The scrutiny panel was notified that a new strategic group had recently been formed and was chaired by the Director of Public Health and Public Protection. The group aimed to bring together partners from the Local Authority and Tees, Esk, Wear Valley NHS Foundation Trust who were responsible for Childrens services and CAMHS. Initially, the aim of the group was to audit and map current services and to consider wider strategic development of mental health provision for young people. In the first instance, the group would be considering best practice from local authorities such as Camden in order to inform future developments in Middlesbrough. It was added that Camden CAMHS in Schools offer meant that clinicians were based in primary, secondary and special schools. Through co-location, clinicians were able to build strong relationships with the schools they worked with by integrating with the schools culture and developing an understanding of the schools needs. A Member commented that it would be useful for the scrutiny panel to receive regular updates on the work of the group.
Impact of Bullying
Following a query from a Member, a discussion ensued regarding preventing and tackling bullying. It was commented that bullying could happen to all children and young people and it could affect their social, mental and emotional health. In all cases schools had a responsibility to support children who were bullied and make appropriate provision for a childs needs. The Director of Education advised that, by law, all state (not private) schools were required to have a behaviour policy in place that included measures to prevent all forms of bullying among pupils. It was explained that at a recent regional meeting, information was submitted on the number of parental complaints received by Ofsted about schools. It was highlighted that Middlesbrough had the lowest number of complaints in the region, therefore demonstrating that Middlesbrough schools were performing well at meeting their pupils needs. The Director added that the introduction of restorative practice would help teachers and pupils to choose a respectful, considered approach to conflict resolution and anti-bullying.
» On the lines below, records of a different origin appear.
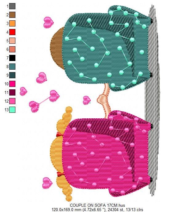 Couple on couch embroidery designs - Love Valentines embroidery design machine embroidery pattern - Boyfriend girlfriend - instant download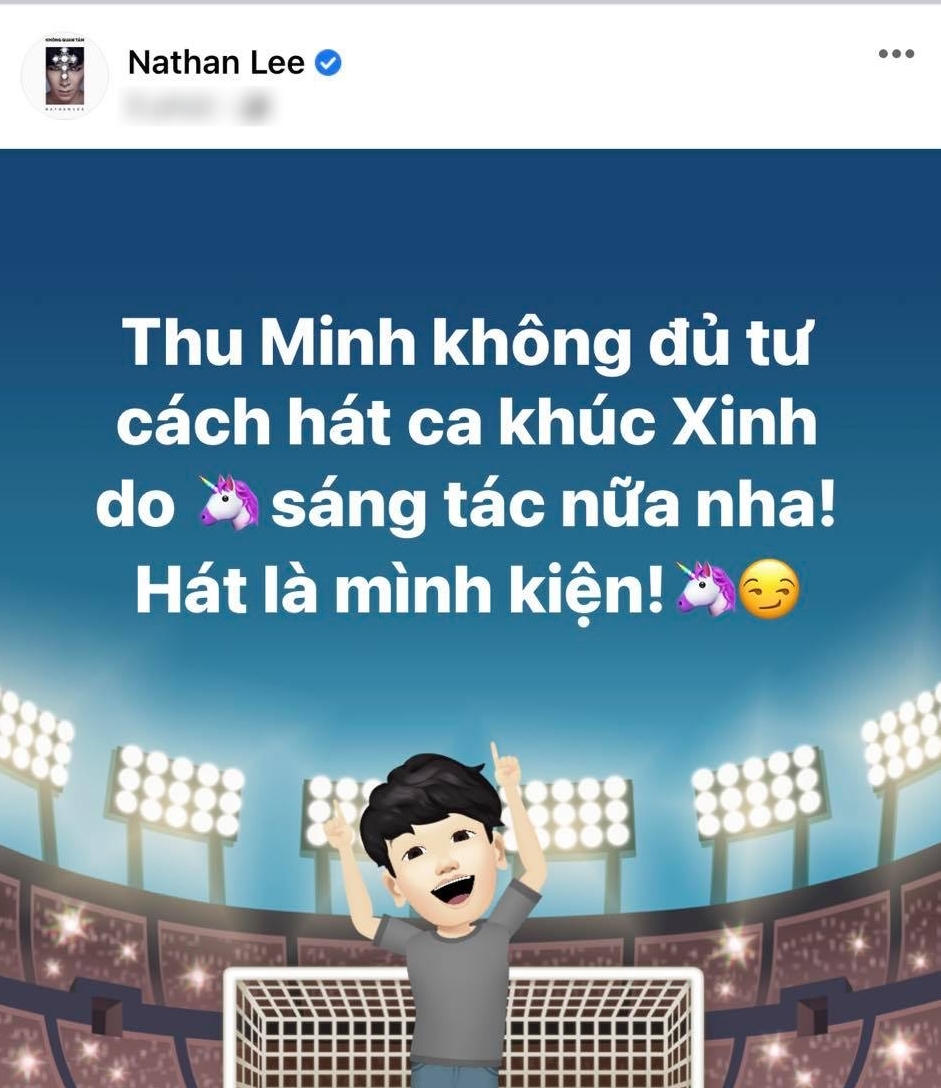 Cụ thể, Nathan Lee tuyên bố: "Thu Minh không đủ tư cách hát ca khúc Xinh do mình sáng tác. Hát là mình kiện", Xinh là một ca khúc khá nổi bật trong sự nghiệp của Thu Minh từ chất giọng cho đến lời bài hát, giai điệu. Tuy nhiên, kể từ đây nữ ca sĩ sẽ không được hát vì chính tác giả đã tuyên bố không cho cô sử dụng.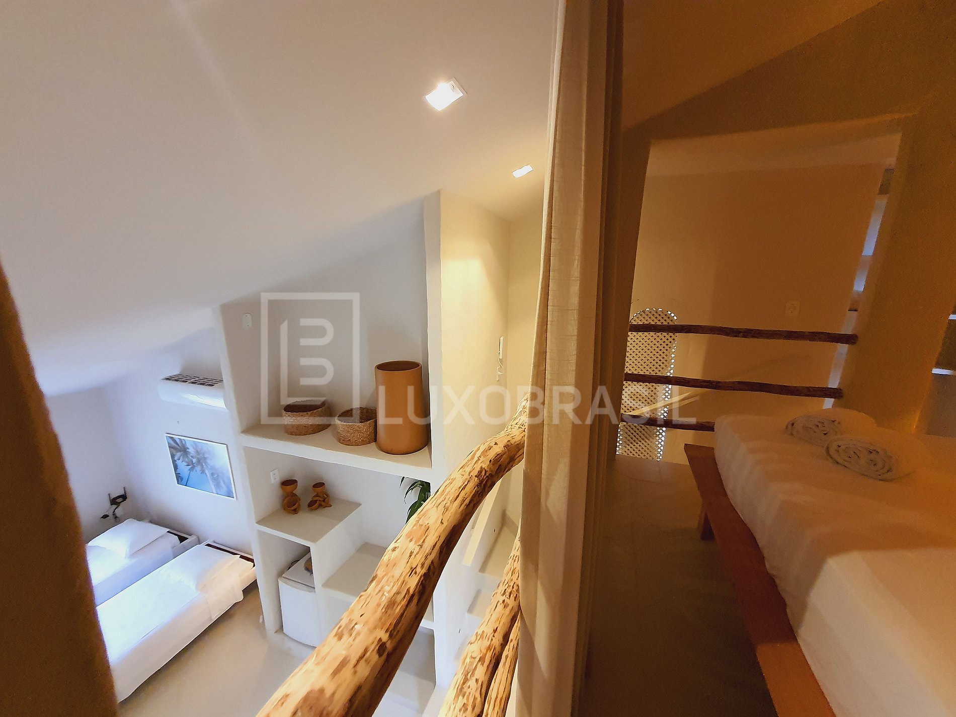 Bungalow 3: 1 suíte com mezanino de frente para o mar, 65m², 1 Queen, 2 solteiro. Até 4 pessoas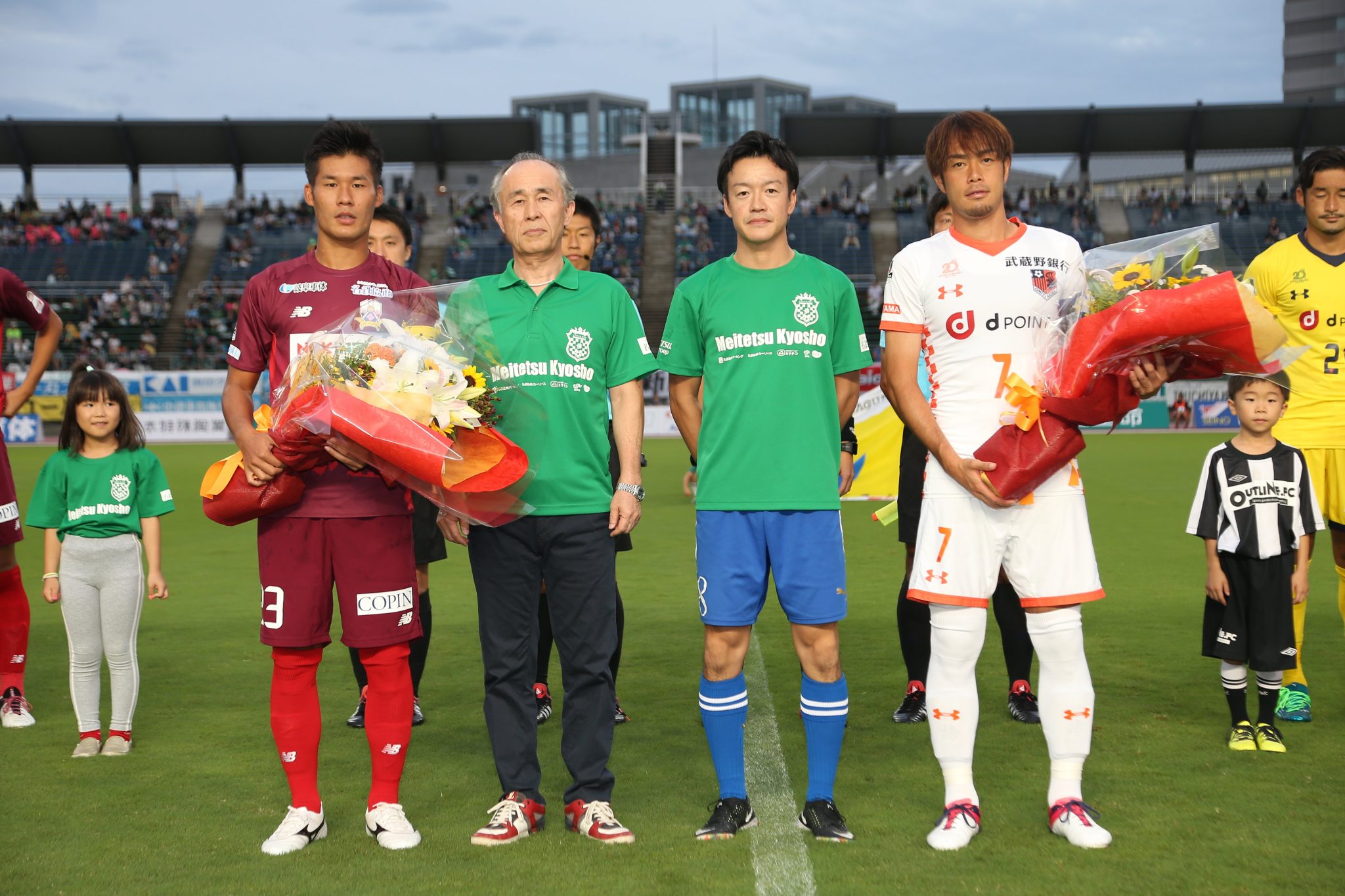 名鉄協商 代表取締役社長 髙橋 健治 様・サッカー部キャプテン 鈴木 淳 様より記念品の贈呈をいただきました。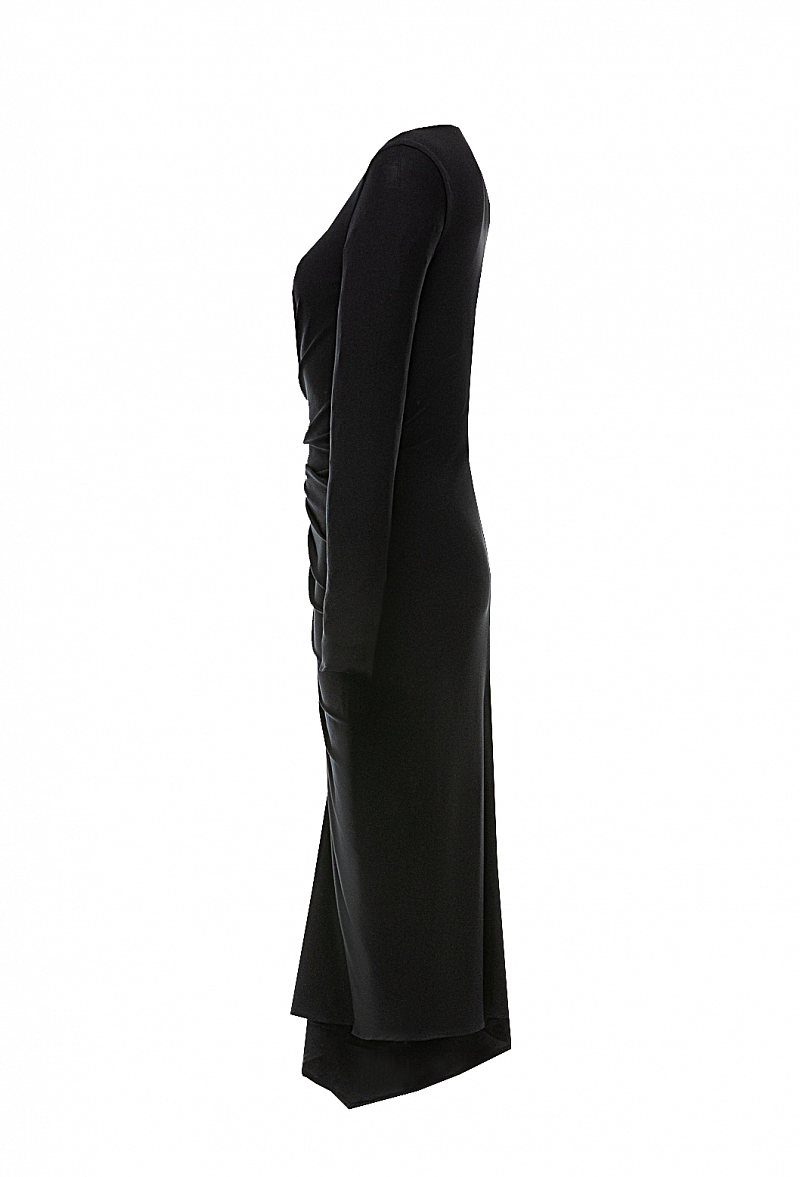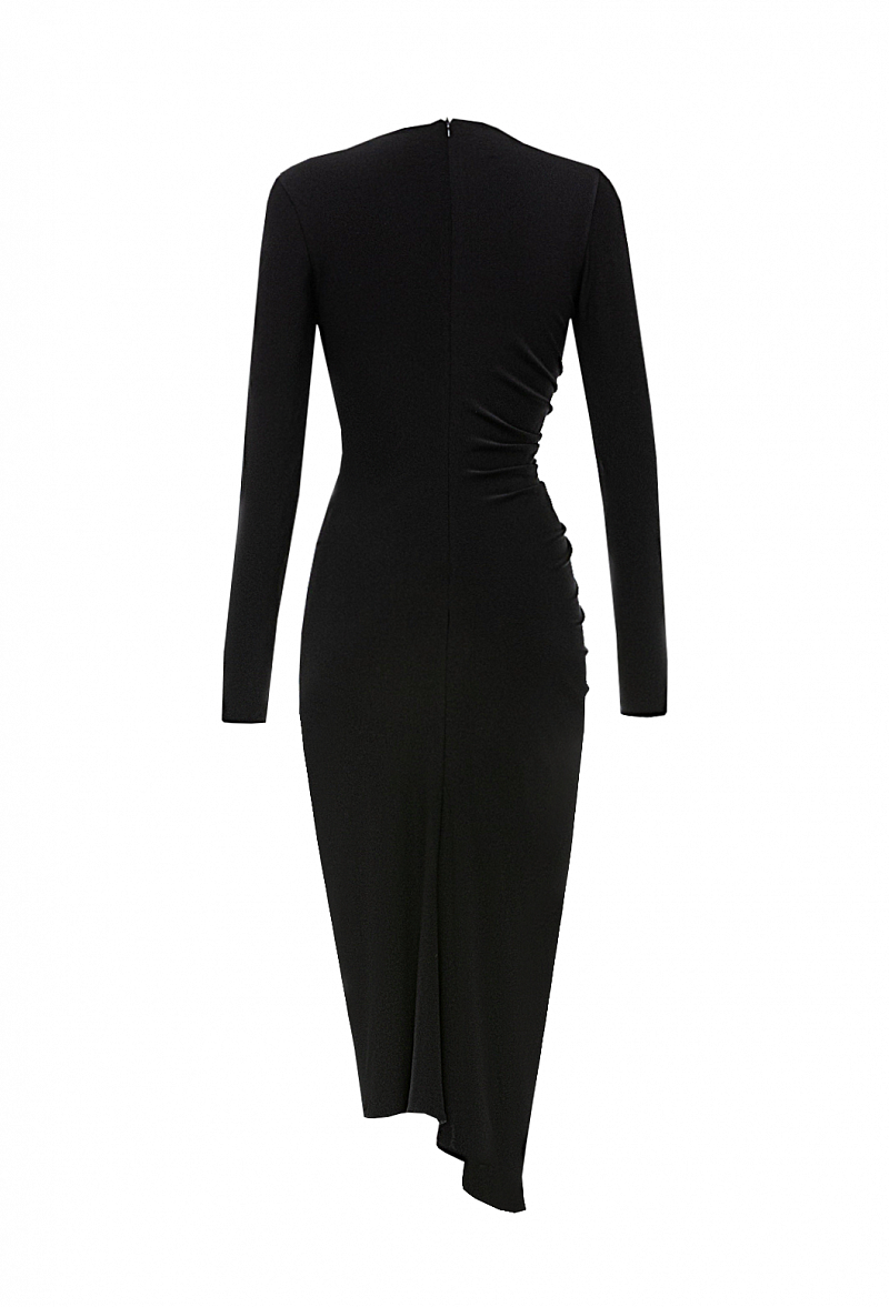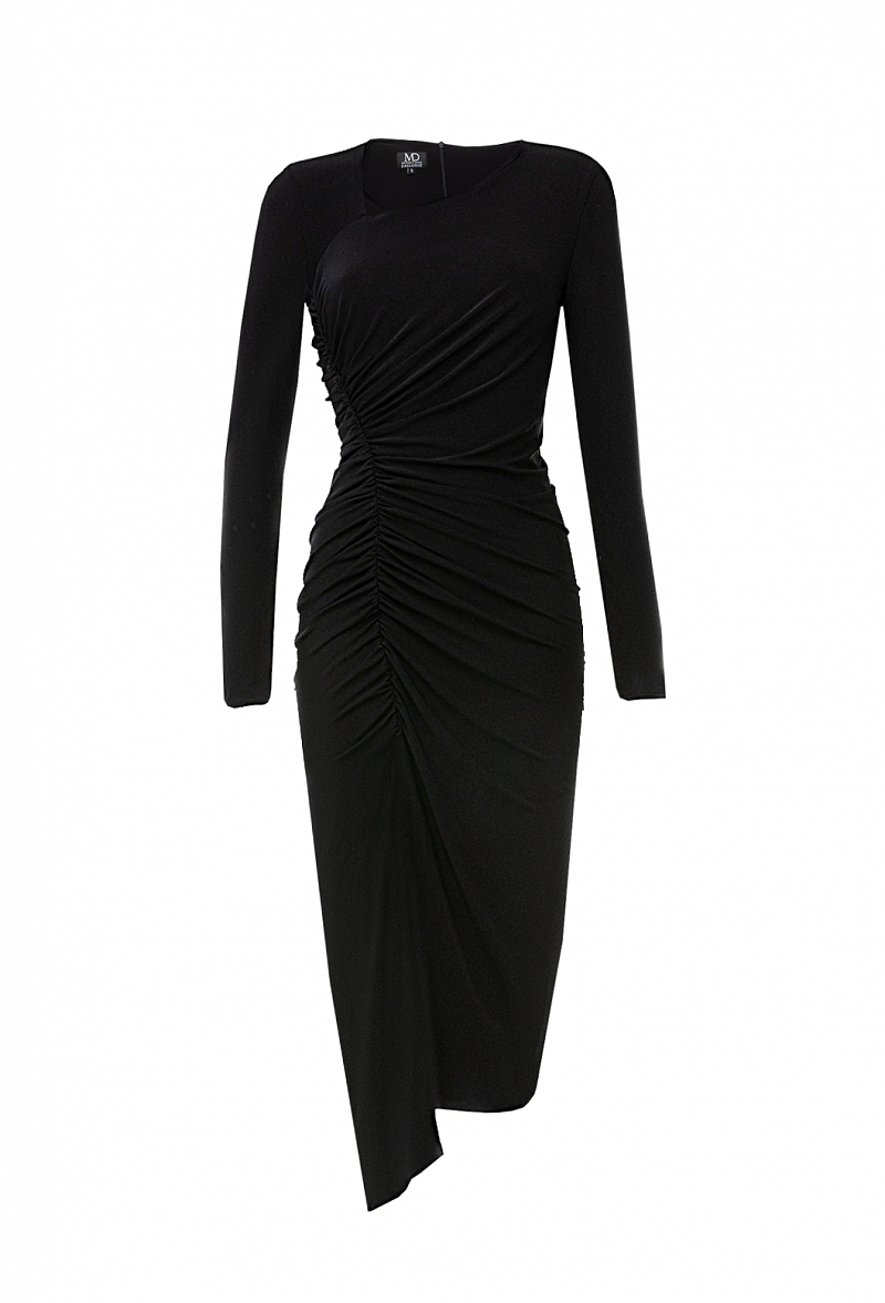 Платье-футляр с фигурным вырезом, сборкой по линии боковой вытачки, низ платья ассиметричный

0-19 Healthier Together Service
The Chair advised that during proceedings the Service Manager for Harrogate and District NHS Foundation Trust had left the meeting due to feeling unwell. Members were therefore in agreement that the evidence pertaining to the 0-19 Healthier Together Service would be deferred until the next scheduled meeting (18 February).
AGREED as follows:
That the information presented at the meeting be considered in the context of the scrutiny panels investigation.
That evidence from the CAMHS Transformation/HeadStart Programme Manager and the Professional Lead for the 0-19 Healthier Together Service be deferred until the next meeting (18 February 2019).